╭─ DATA EXCERPT

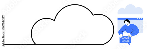 Large cloud icon and a person in a browser window holding a cashback sign. Ideal for online shopping, cashback programs, cloud services, tech ads, and financial incentives. Minimalist vector style
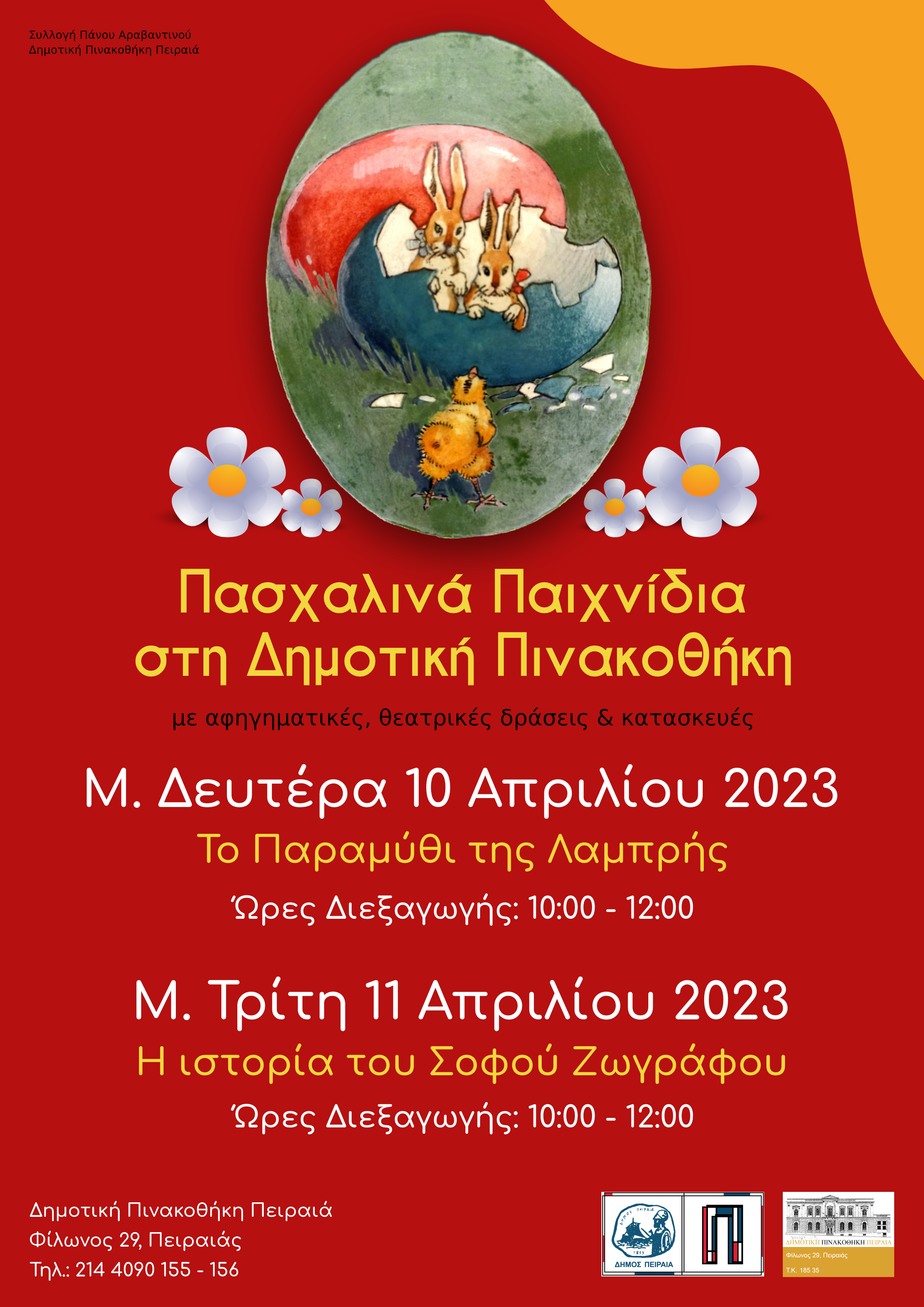 Πασχαλινά παιχνίδια με αφηγηματικές, θεατρικές δράσεις και με κατασκευές για μικρά παιδιά, διοργανώνει η Δημοτική Πινακοθήκη Πειραιά (Φίλωνος 29), τη Μ. Δευτέρα και τη Μ. Τρίτη.
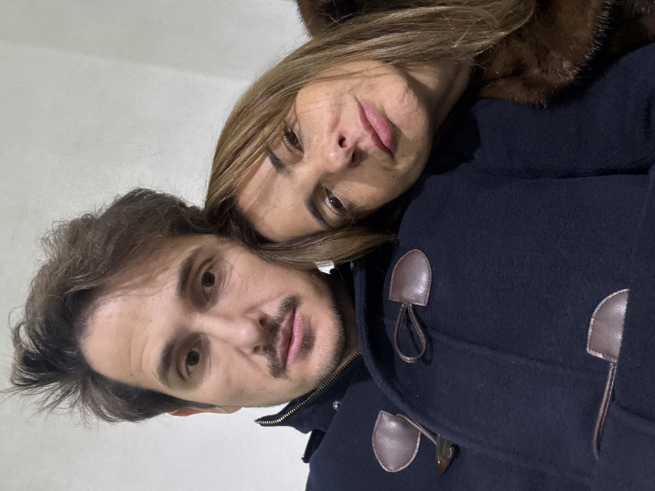 A selfie shows a man and woman intimately posing. The man, with dark hair and a neatly trimmed mustache, looks directly at the camera. The woman leans her head against his, with her face slightly angled. She has shoulder-length brown hair. The man wears a dark navy coat with distinctive leather toggle closures, while the woman wears a darker furry item. The background is a plain, off-white wall.

╰─

### EXERCISE AIM
Copy out the whole listing exactly, and don't carry over any pictures.

### SOLUTION TO THIS PROBLEM
 Large cloud icon and a person in a browser window holding a cashback sign. Ideal for online shopping, cashback programs, cloud services, tech ads, and financial incentives. Minimalist vector style
 Πασχαλινά παιχνίδια με αφηγηματικές, θεατρικές δράσεις και με κατασκευές για μικρά παιδιά, διοργανώνει η Δημοτική Πινακοθήκη Πειραιά (Φίλωνος 29), τη Μ. Δευτέρα και τη Μ. Τρίτη.
 A selfie shows a man and woman intimately posing. The man, with dark hair and a neatly trimmed mustache, looks directly at the camera. The woman leans her head against his, with her face slightly angled. She has shoulder-length brown hair. The man wears a dark navy coat with distinctive leather toggle closures, while the woman wears a darker furry item. The background is a plain, off-white wall.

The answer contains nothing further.